Democratic socialists, such as David Schweickart, contrast social democracy with democratic socialism by defining the former as an attempt to strengthen the welfare state, and the latter as an alternative socialist economic system to capitalism. According to Schweickart, the democratic socialist critique of social democracy states that capitalism could never be sufficiently "humanized", and any attempt to suppress the economic contradictions of capitalism would only cause them to emerge elsewhere. For example, attempts to reduce unemployment too much would result in inflation, and too much job security would erode labor discipline. In contrast to social democracy, democratic socialists advocate a post-capitalist economic system based either on market socialism combined with workers self-management, or on some form of participatory-economic planning.

Market socialists contrast social democracy with market socialism. While a common goal of both systems is to achieve greater social and economic equality, market socialism does so by changes in enterprise ownership and management, whereas social democracy attempts to do so by government-imposed taxes and subsidies on privately-owned enterprises. Frank Roosevelt and David Belkin criticize social democracy for maintaining a property-owning capitalist class, which has an active interest in reversing social democratic policies and a disproportionate amount of power over society to influence governmental policy as a class.

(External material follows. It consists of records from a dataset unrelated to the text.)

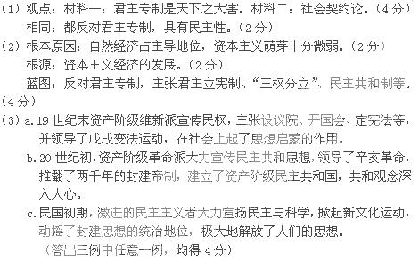 (2)结合所学知识指出,中国明清时期的早期启蒙思想家们提不出“新的社会方案”的根本原因。(2分)欧洲启蒙思想家为什么能够拿出“资产阶级的国家蓝图”?(2分)他们拿出了怎样的“蓝图”?(4分)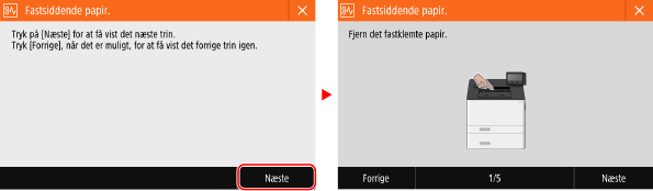 Der vises meddelelser på skærmen, hvis der opstår fejl, og hvis maskinen mangler papir eller toner i tonerpatronerne.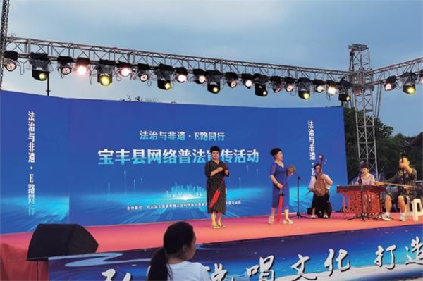 充分利用馬街書會活動規(guī)模大、人流量大的特點(diǎn),將“法治與非遺 E路同行”網(wǎng)絡(luò)普法宣傳活動舉辦地安排在馬街中華曲藝展覽館,精心設(shè)置舞臺展演、展板宣傳、現(xiàn)場互動等活動內(nèi)容,還通過寶豐生活網(wǎng)、直播鷹城等新媒體賬號進(jìn)行直播,打造“有節(jié)目、有場地、時(shí)時(shí)有、隨時(shí)看”的網(wǎng)絡(luò)普法宣傳“寶豐品牌”。(馬街書會作為中國最大的民間曲藝大會,被譽(yù)為“中國十大民俗”之一,是全縣最具代表性的文化空間,群眾基礎(chǔ)廣泛。)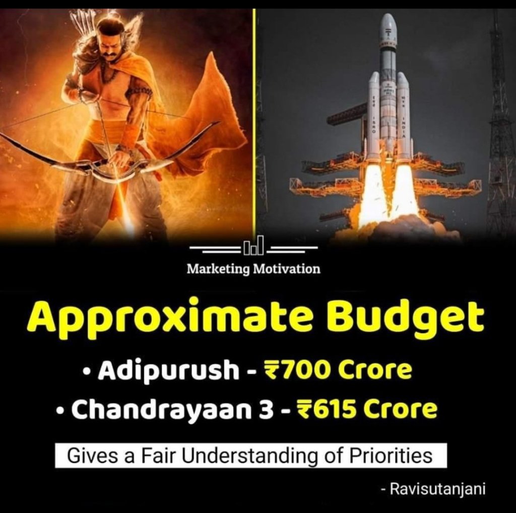 Dla wielu mieszkańców Indii warta skomentowania okazała się również kwestia wysokości budżetu oraz tego, czy projekt ten został właściwie sfinansowany. Memy, które odwoływały się do tego tematu zestawiały budżet misji ze środkami wykorzystanymi do produkcji filmów. Zarówno tych hollywoodzkich o wyprawach kosmicznych – ironicznie pokazując, że za znacznie mniejszą kwotę niż budżet filmu można NAPRAWDĘ polecieć na księżyc, jak i indyjskich. W tym drugim przypadku jednak wymowa nie była już tak przepełniona narodową dumą. Okazuje się bowiem, że budżet misji (wynoszący 75 mln dolarów) jest znacznie niższy niż indyjskiego filmu będącego współczesnym retellingiem hinduskiego eposu Ramajana. Film ten pt. Adipurush (dostępny również na platformie Netflix) spotkał się z mieszanymi recenzjami i zarzutami ze wszystkich stron politycznej sceny. Kosztował jednak naprawdę krocie.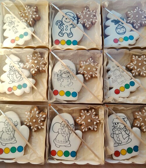 Этот необычный пряник-раскраска превратит предновогодние дни в настоящий творческий процесс! На поверхности ароматного пряника, выполненного в форме пушистой новогодней ёлки, нанесён чёткий контур весёлого снеговика с уже готовыми пищевыми красками. В набор входит специальная кисточка — всё, что нужно для увлекательного занятия. Просто смочите кисточку водой, обмакните в краски на прянике и начинайте раскрашивать! Пряник изготовлен по традиционному рецепту из натурального мёда, отборной муки высшего сорта и свежего сливочного масла с добавлением согревающих специй. После завершения творческого процесса готовый съедобный шедевр можно будет с удовольствием съесть!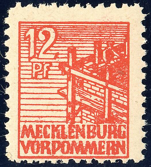 1946, Abschied, mattgraugelboranges Papier, 12 Pfg., rot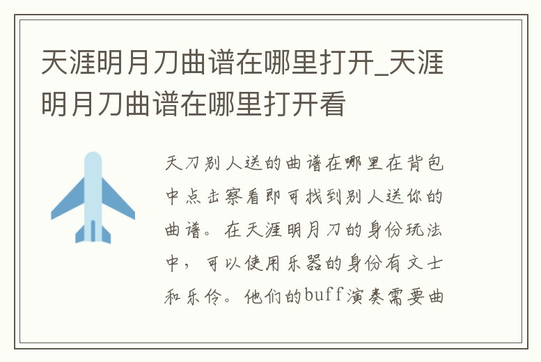 - 天涯明月刀好友送的曲譜怎么用_天涯明月刀好友送的曲譜在哪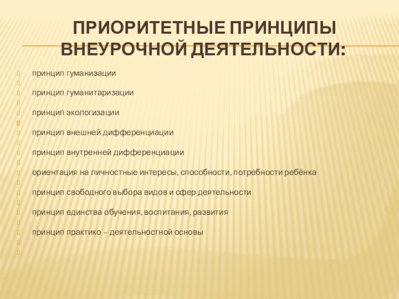 Слайд 6 Приоритетные принципы внеурочной деятельности:

Another criticism of social democracy has to do with its relationship to neoliberalism and labour unions. It is argued in Social Democracy: After the Cold War, that

"social democratic parties shifted to the right in the 1980’s, abandoning their traditional policy stance and embracing neoliberalism – either explicitly or in the guise of a ‘Third Way.’ Ultimately, they distanced themselves from their core union base to regain electoral viability."

Communists accuse social democracy of accepting the values of capitalist society and therefore not being a genuine form of socialism.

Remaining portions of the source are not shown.